"You've seen them. Little towns, tucked away far from the main roads. You've seen them, but have you thought about them? What do the people in these places do? Why do they stay? Philip Redfield never thought about them. If his dog hadn't gone after the cat, he would have driven through Peaceful Valley and put it out of his mind forever. But he can't do that now because, whether he knows it or not, his friend's shortcut has led him right into the capital of the Twilight Zone."
Opening narration
In the episode of Twilight Zone that was first shown on this night in 1963, "Valley of the Shadow," a reporter (Ed Nelson) got lost and found himself in a small, out–of–the–way town called Peaceful Valley just as his car was about to run out of gas. When he stopped to get more fuel, his dog jumped from the car to chase a cat that was being held by a little girl. The girl pulled out a palm–sized remote control–like device (many years before such devices existed), pointed it at the dog and made him disappear — and the odyssey began.
A good reporter is always in an inquisitive mood, and an already–suspicious Nelson began nosing around Peaceful Valley. What he found only made him more suspicious. The town's hotel supposedly had no rooms available yet all the keys still hung on the wall.

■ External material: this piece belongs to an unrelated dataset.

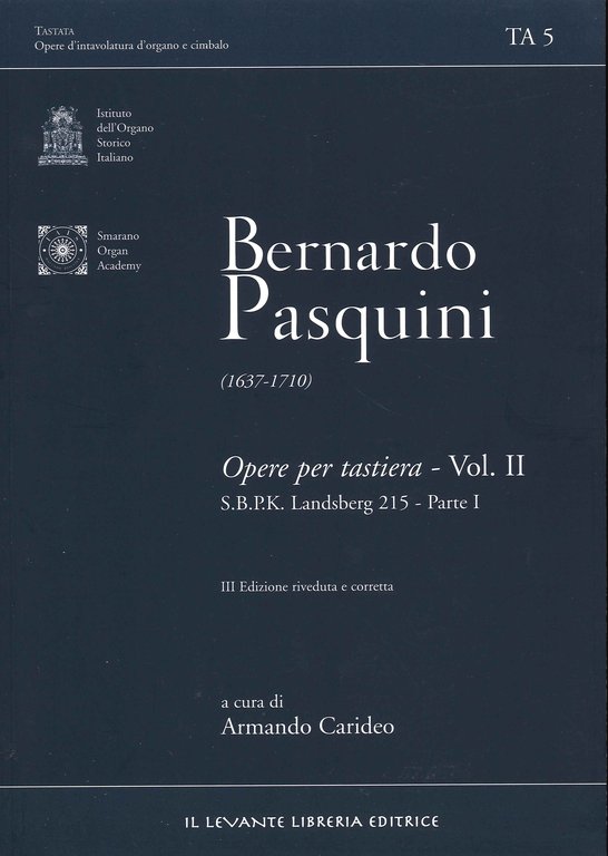 Bernardo Pasquini. TA 5 (1637-1710) Opere per tastiera vol.II
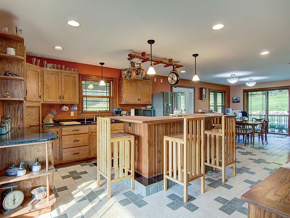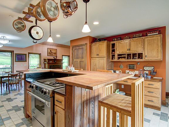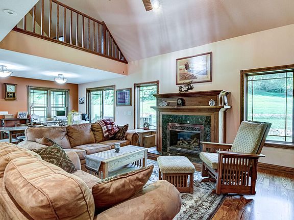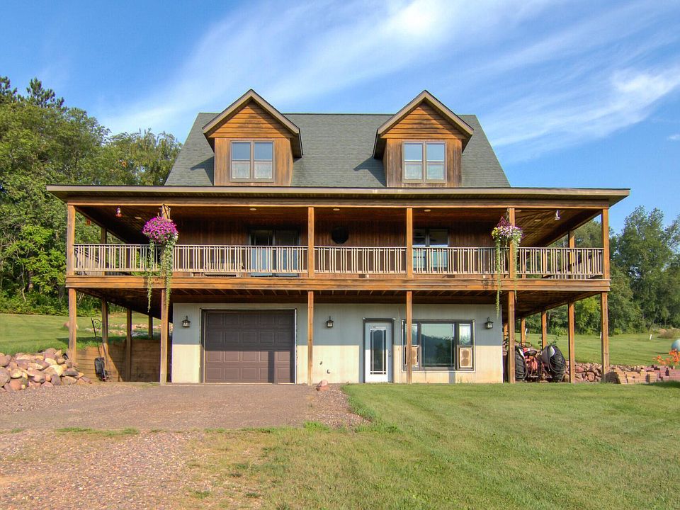 29.7 Acres and beautiful home located 7 miles West of Chippewa Falls. Home has a picturesque wrap around porch, stunning open concept kitchen, dining, and living room area with fireplace. Main level master suite with access to the porch. Amazing views of the countryside, tuck under garage, and finished basement with in floor heat. Acreage consists of rolling hay fields, secluded spots for hunting, and frontage on Elk Creek for great trout fishing. This is a wonderful hobby farm with endless potential, country living at its finest!

The restaurant was closed. The residents of the town were not friendly.
Well, on that last one there, I can say, having grown up in a small town, that is not terribly unusual. Small–town folks are often suspicious of outsiders and their reasons for being there.
Consequently Nelson didn't receive a lot of cooperation from the town's residents. Well, there was one — a pretty young woman (Natalie Trundy) — who seemed to want to tell him more than she could.
But she didn't.
What he learned about the town and its strange powers he learned from the town's elders.
Perhaps the most important thing he learned was that the gadget the little girl used was a device that could manipulate atoms. It could make things disappear, disassemble and then reassemble people, animals and things. It was a limitless supplier of food, clothing, all the necessities of life. Everyone in this little town seemed to have one.
This device could also heal and even raise from the dead.
When Nelson tried to escape the town, his car collided with an invisible wall, and his dog was thrown from the car and killed. A rather dazed Nelson was led away from the wreckage by onlookers who thought he should be examined by a doctor, but one of the onlookers stayed behind. He pulled out his device and aimed it at the dog, and the animal was instantly revived.
The device also had incredible potential to eliminate human suffering.
To demonstrate this, the mayor of the town stabbed one of his associates in the chest with a letter opener, then calmly aimed the device at the victim while Nelson watched. The blood and wound disappeared as if nothing had happened.
Nelson couldn't believe the town refused to share this technology with a world that sorely needed it.
The town's elders argued that if the outside world obtained the technology, it would not be used for good but would be exploited for evil purposes. They said this technology had been given to them by a "great man of science" who came from some distant planet, and they would not share it until "men learn the ways of peace."
Nelson could not be allowed to leave so the initial plan was to execute him. But if they did that would they be any better than the outside world, resorting to violence to achieve a goal? They modified their sentence, giving him the option of remaining in Peaceful Valley for the rest of his life — and he chose that over execution.
But he yearned for freedom, and he and Trundy made a break for it one evening. He stopped at the town hall to use the technology to build a handgun, then grabbed the book containing all the equations for the technology so he could share it with the outside world. In breaking into the box that contained the book, though, he triggered an alarm, summoning the elders, who tried to stop him and were shot.
Then he and Trundy left the town, but once they were outside the city limits, he looked at the book — only to find blank pages. The next thing he knew he was back at the town hall and the elders were alive and well. They told him it had all been a test, and he had proven what they expected — that the first use of the technology by an outsider would be for violent purposes. He would have to be eliminated.
But the elimination did not take the form he expected. In the blink of an eye, he was back at the gas station where the story began.
And perhaps that was the way it should be. The elders had explained that the core of the technology was based on time reversal. Perhaps that is what they did to Nelson — reversed time. That would certainly be preferable to ending his life.
But was all that had gone before a dream or reality? At the end of the episode, Nelson and the viewers saw Trundy with what appeared to be tears in her eyes. That strongly implied that it had been real.
This episode was part of the Syfy Channel's annual New Year's Eve Twilight Zone marathon recently. Inclusion in that marathon can be misleading; there were only 18 hour–long episodes of the Twilight Zone, and few are seen in syndication.
If you do get the chance to see this one, though, watch for a pre–Star Trek James Doohan (known to Trekkies as "Scotty"). He played the father of that little girl.